Биологические причины неравенства людей. Алексис Каррель, нобелевский лауреат и любимец Гитлера. Еженедельное эссе Ильинская Больница о лауреатах Нобелевской премии.




«Человек не может переделать себя без страданий, он скульптор, создающий себя из мрамора», - Алексис Каррель.

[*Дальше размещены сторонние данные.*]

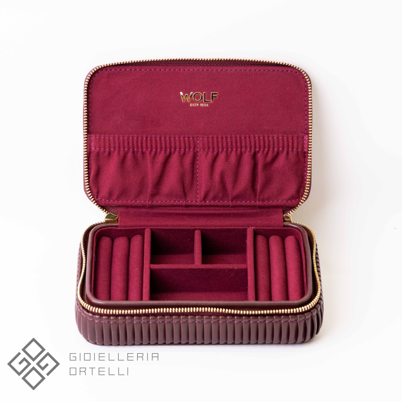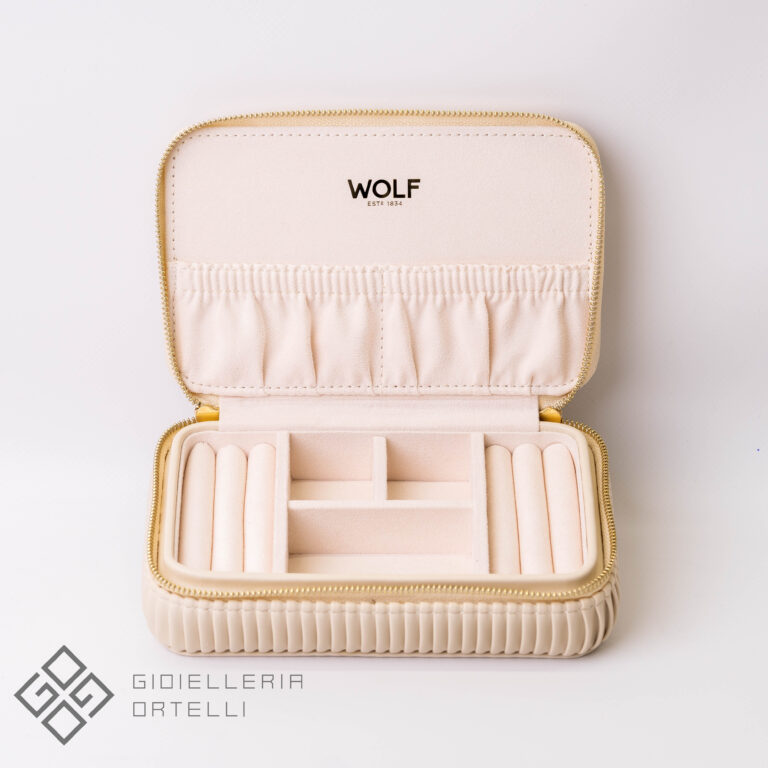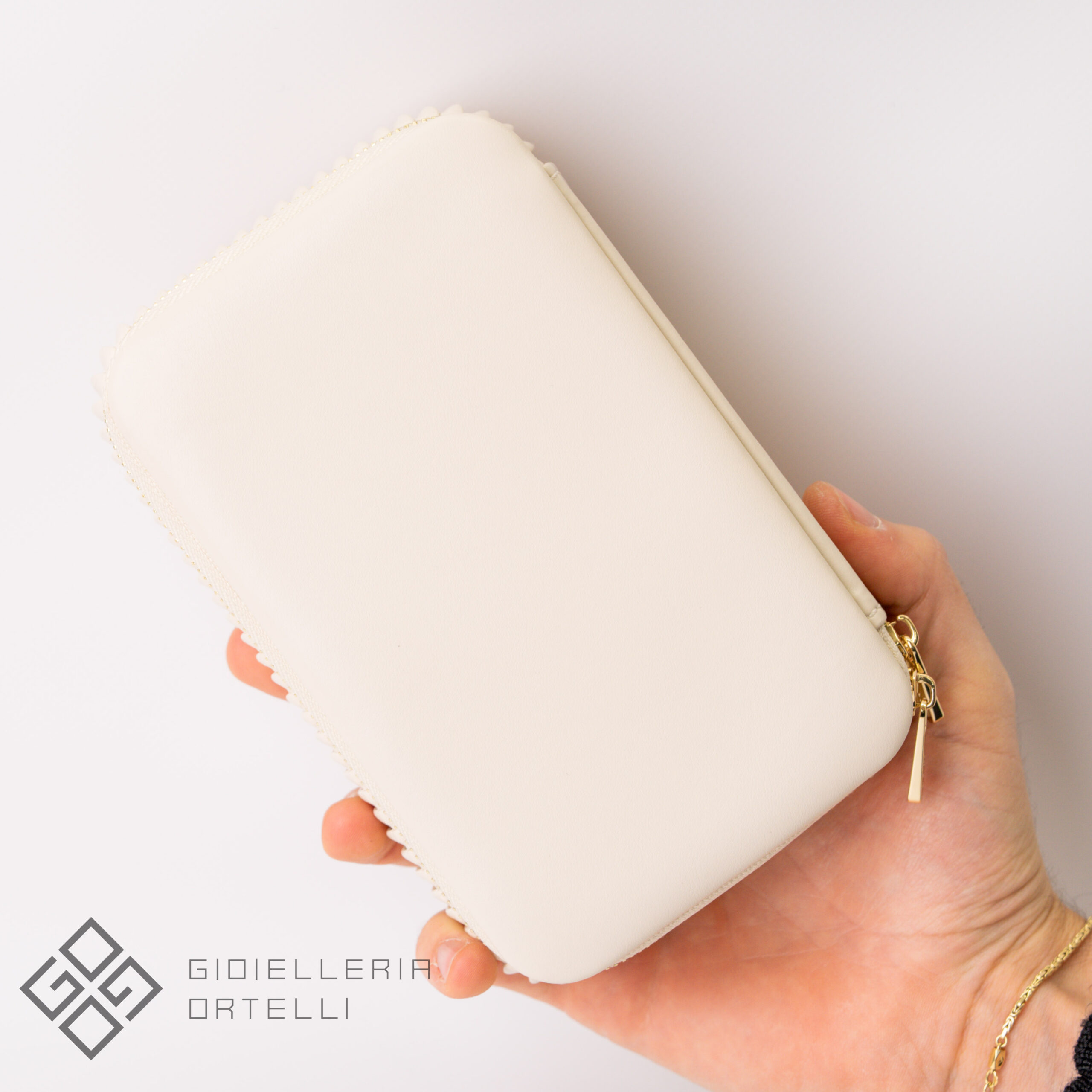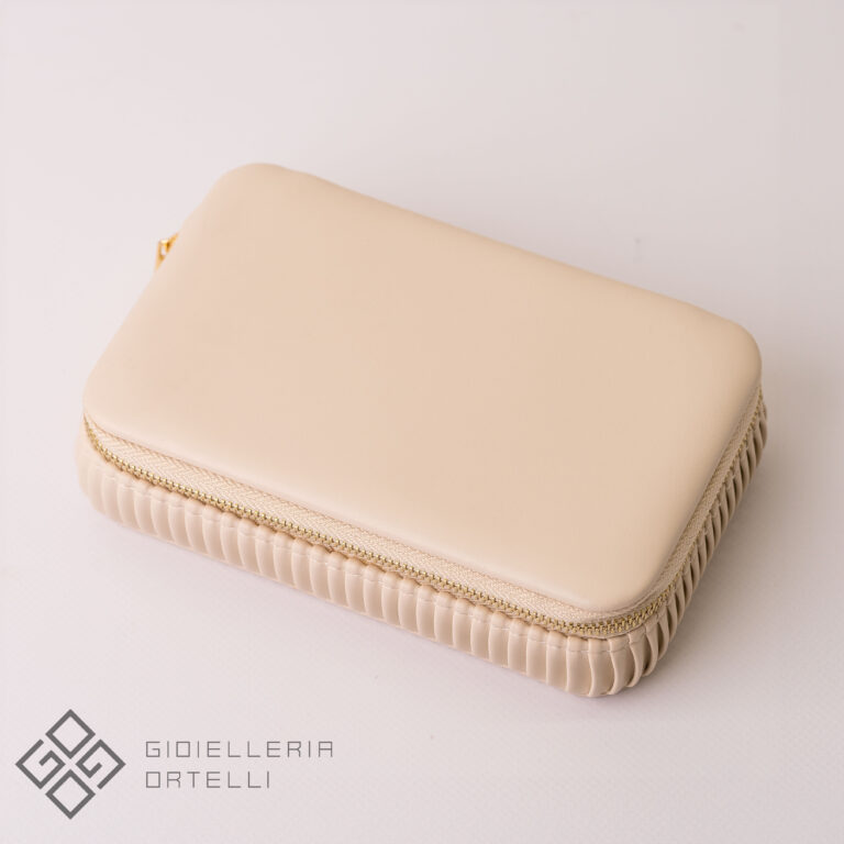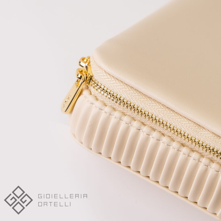 Il Portagioie Zip Bella, compatto e lussuoso, è progettato per il viaggio o per la conservazione quotidiana. L’esterno è caratterizzato da una morbida pelle vegana liscia e lati perfettamente plissettati che conferiscono un tocco di raffinatezza vintage. Le finiture metalliche color oro aggiungono un contrasto moderno ed elegante.
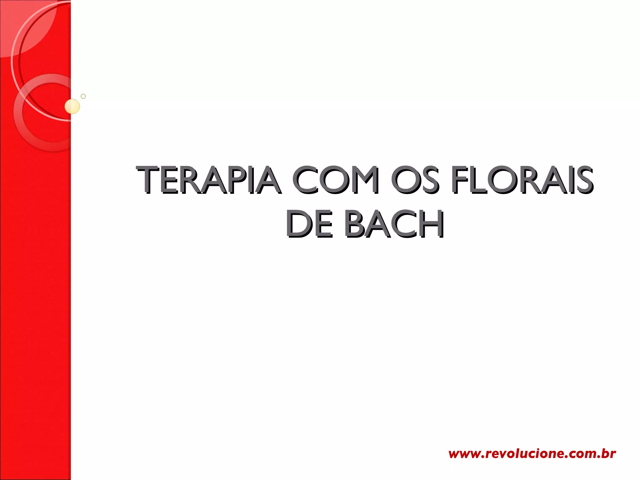O documento descreve a história e os princípios da terapia floral de Bach, desenvolvida pelo médico inglês Edward Bach na década de 1930. Ele percebeu que as emoções e personalidades estavam ligadas às doenças e criou remédios naturais usando essências de 38 flores para equilibrar os estados mentais e emocionais. Os florais de Bach são reconhecidos pela OMS e ajudam as pessoas harmonizando suas estruturas emocionais, não curando doenças diretamente.
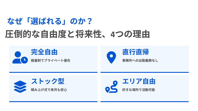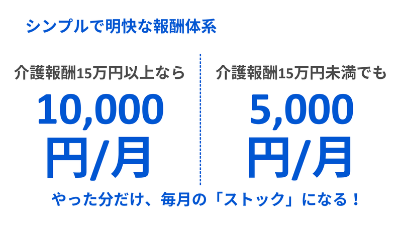完全歩合制 給与詳細 完全歩合制 ストック型成果報酬(利用者1名ごと) ・月の介護報酬が 15万円未満:5,000円/月 ・月の介護報酬が 15万円以上:10,000円/月 ※利用が継続する限り、毎月支給 ※利用者ごとに加算 【給与例】 給与例 【報酬イメージ】 〇月10万円の場合 ・月15万円以上の利用者 × 10名 → 月100,000円が継続支給 〇月20万円の場合 ・月15万円以上の利用者 × 20名 → 月200,000円が継続支給 〇月30万円の場合 ・月15万円以上の利用者 × 30名 → 月300,000円が継続支給 ※すべてストック型報酬のため、 一度つながった利用者が継続利用している限り、毎月支給されます。 副収入としても、本業としても取り組める報酬設計です。

Во Франции, практически в черте города Лиона, в небольшом городке Сен-Фуа-де-Лион в семье богатого фабриканта и торговца знаменитыми лионскими шелками Алексиса Карреля Биллиарда родился первенец, также Алексис Каррель, будущий лауреат Нобелевской премии в области физиологии и медицины за 1912 год с формулировкой Нобелевского комитета: «За признание работы по сосудистому шву и трансплантации кровеносных сосудов и органов».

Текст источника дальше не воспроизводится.